Malusi Gigaba. Picture: REUTERS
Malusi Gigaba. Picture: REUTERS

Finance Minister Malusi Gigaba told the ANC’s top leadership that the government would need R12bn to fund President Jacob Zuma’s plan to scrap tuition fees for students from poor homes, according to a person with knowledge of the matter.

Gigaba told the ANC’s National Executive Committee (NEC) this week that the Treasury would cut from existing spending programmes and would not announce a special tax or an increase in the value-added tax (VAT) rate to finance Zuma’s plan, according to the person, who asked not to be identified because he was not authorised to speak on the matter.

The Treasury was still exploring ways to fund the plan and would only give further details about the amount needed in the February 21 budget, spokesperson Mayihlome Tshwete said by phone.

Zuma unveiled the free-education plan on December 16, two days before Cyril Ramaphosa replaced him as leader of the ANC. The party’s NEC met on Wednesday in East London to prepare for its anniversary celebrations on Saturday.

SA will have a revenue shortfall of R50.8bn in the fiscal year that ends in March, Gigaba said in the October medium-term budget policy statement.

In November, Zuma told the Presidential Fiscal Committee to cut spending by R25bn in the 2018-19 budget and to find ways to add R15bn to the nation’s revenue to help stave off further debt downgrades. Cutting expenditure could stunt growth in an economy that went through its second recession in less than a decade in 2016.
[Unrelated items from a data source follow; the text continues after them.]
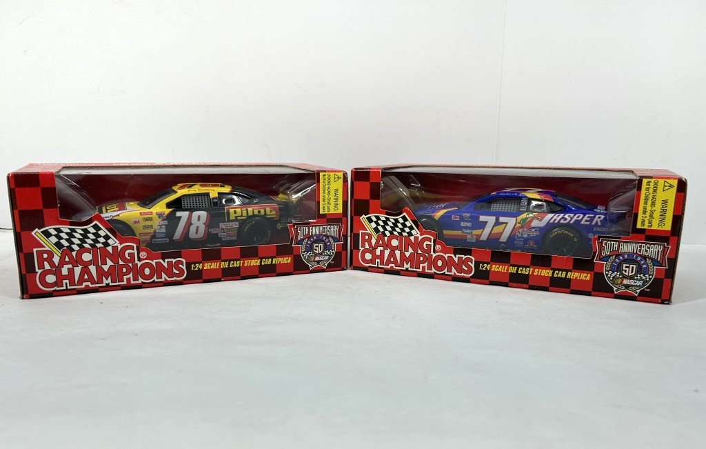 NOS 1/24 RACING CHAMPIONS 50TH ANNIVERSARY 1998 GARY BRADBERRY #78 PILOT TRAVEL CENTERS FORD TAURUS DIE CAST S/N F613 AND NOS 1/24 RACING CHAMPIONS 50TH ANNIVERSARY 1998 ROBERT PRESSLEY #77 JASPER DIE CAST S/N F806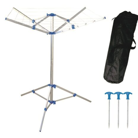 Drying clothes while on the go can be a challenging task, but it doesn’t have to be. The Portable Folding Rotary Camping Caravan Clothes Line With Carry Bag provides a convenient solution for this common problem, making it easier than ever to dry your clothes on the road. Simply hang your garments on the line, just as you would at home, and use the three screw-in pegs for added support during windy days. With this portable and efficient clothesline, you can dry your clothes quickly and effortlessly, allowing you to continue your adventures without any worry about laundry.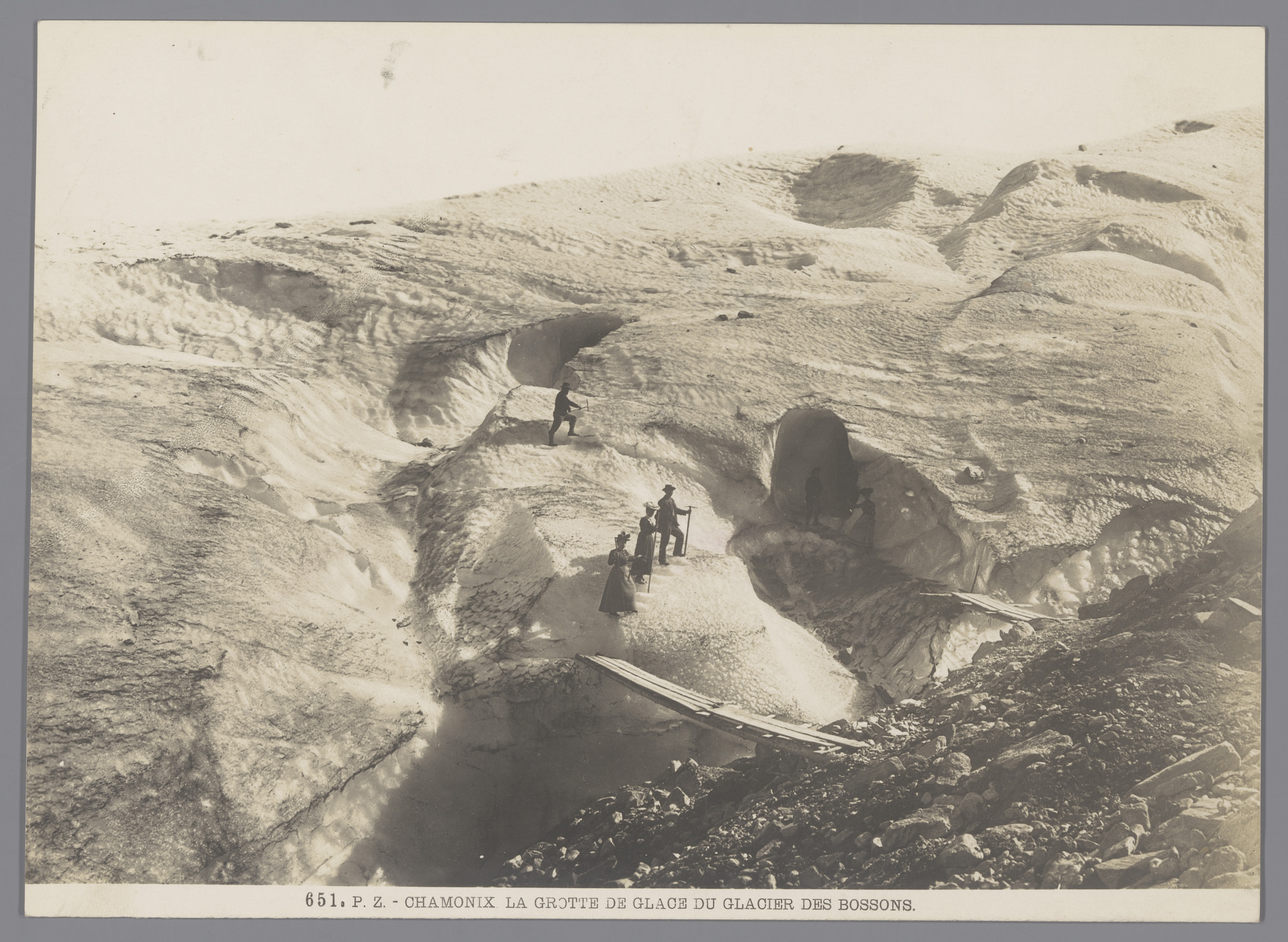 Wandelaars op de Bossonsgletsjer in Chamonix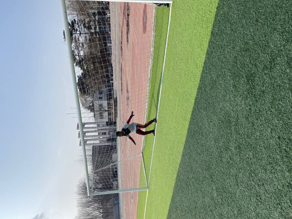 The image captures an outdoor sports scene in the city of Linghe, China. A male individual is positioned inside a white-framed soccer goal with a white net, standing in a crouched, ready stance on green artificial turf. He wears a dark green and white shirt, maroon pants with a yellow stripe down the side, black gloves, and dark shoes. A white line marks the goal area on the artificial turf, and a shadow from the goal extends across the foreground. In the background, a red running track surrounds the field, beyond which several buildings with visible pillars and windows, along with bare trees, are discernible under a clear blue sky.

SA will increase subsidies to universities to 1% of GDP from 0.7% now, over the next five years, according to Zuma’s plan. The Treasury allocated R76.7bn to higher education for the year to the end of March, and estimates this will increase by an average of 8.2% in each of the following three years, the fastest-growing spending item after debt-service costs, it said in the October budget.